Wednesday, February 01, 2006

Oh ye long day at work

It seems as though the days blend together into this huge mass of wasted time and space. I really hate days where I fall asleep feeling blank, my mind only wants sleep. Yet, my heart wants my mind to stay awake. My heart wants my mind to forget that it's tired and focus on things it yearns for; music, art, and thoughtful words.

Sadly, I do not have many thoughtful words tonight. Working a double shift today with only a half hour break wore me out to the point that my mind non functiono. There are a few goods things about work; for one thing I am connecting with this wonderful girl, we'll call her L. L. and we click like best friends that have known eachother for years...she has inner battles likes me, is more beautiful than Elizabeth Taylor, and is one of the very few women I would trust sharing my core with. More importantly, she is one of the first women I do not feel threatened by. Yes, she's beautiful. Yes, she's smart. But she is also troubled, and underneath her kind smiling face - I know that there's a girl so much like me.

I really don't feel that way about the other girls at work. None of them are as smart, or pretty as L., but I do feel threatened by them. This leads me to believe that what I am really threatened by, does not have everything to do with "thinness" or "beauty." Some of it comes from that...but I think it comes from feeling judged. I perceive and sense judgement from the others. With L., I feel that she sees more than outward beauty, another shell that hides all sorts of people; depressed, insecure, afraid, spoiled, tormented, and etc.

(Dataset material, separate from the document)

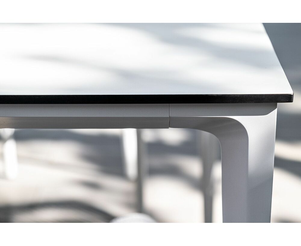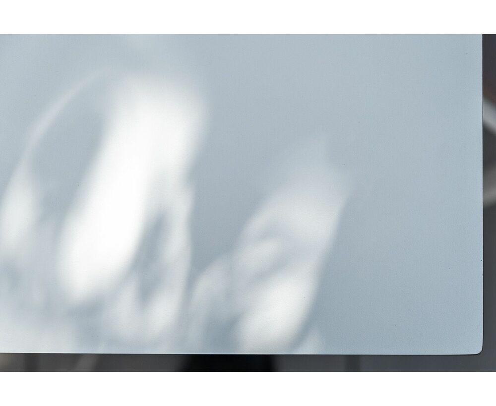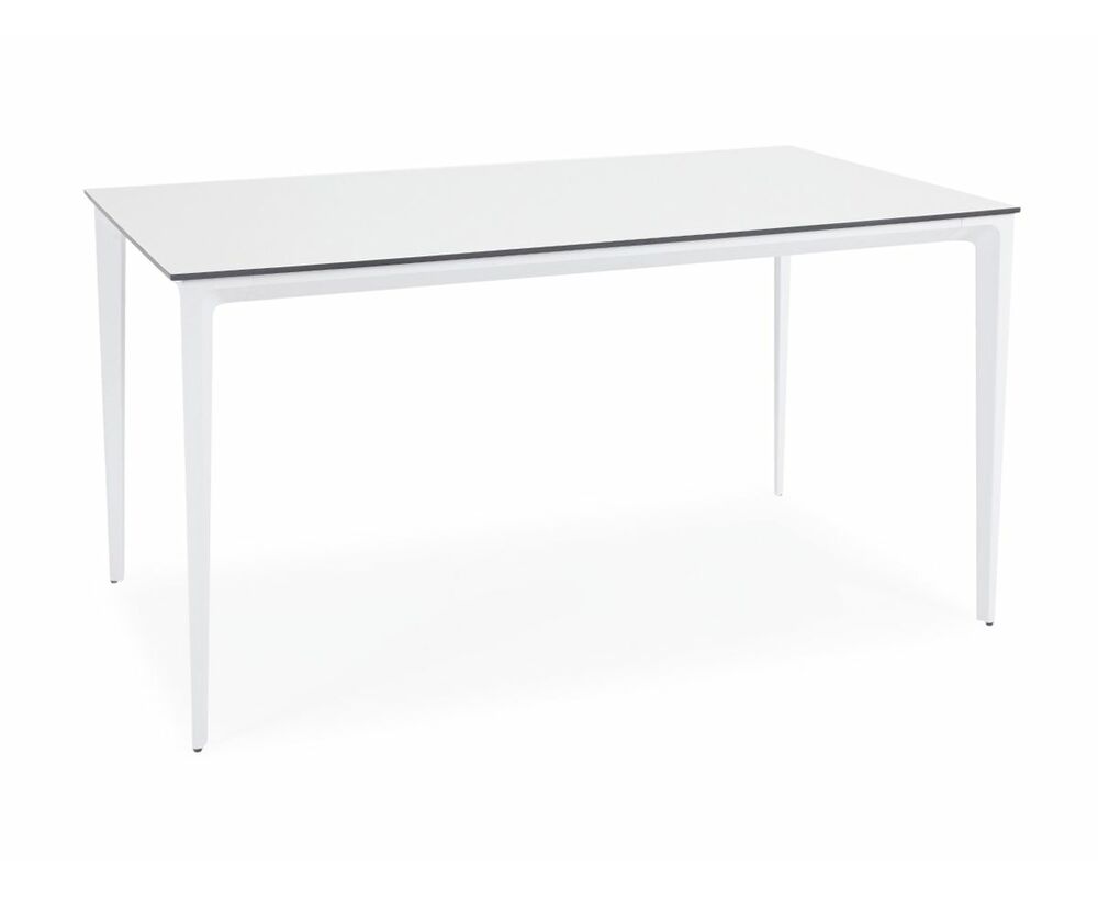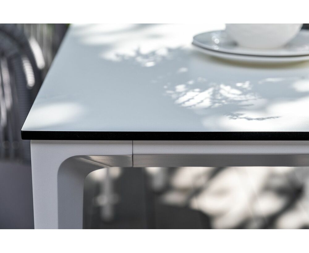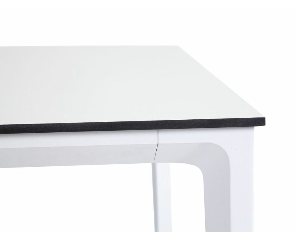 Столешница выполнена из современного высококачественного монолитного компакт-пластик HPL, толщиной 12 мм в молочном цветом. Материал устойчив к высоким температурам, попаданию влаги и может использоваться при любых погодных условиях. Подстолье изготовлено из крашеного алюминия белого цвета.

My intuition leads me to women who appreciate soul more than anything else in this world. L. is one cool chic, and I am so happy to finally have found a female friend in this new city.

On another note, I despise my boss. We'll call him B. He is the opitomy of men, a true slimeball that somehow worked his way up the power ladder. He takes great pride in putting me down, finding whatever he can to pick on me about, and attempting to make me feel powerless as often as possible. It is people like him, that make me so excited about the future. People like B have a purpose; it is to motivate the silent competitors of our time into action. The type of person that has not yet emerged from her shell, but will do so. Ungracefully as it will occur, she will do so. I can't wait until this sleeze reads the papers someday, and sees that face of the girl he humiliated and made feel like shit daily gleeming in the spotlight. I'll be sure to give a sarcastic smile just for him.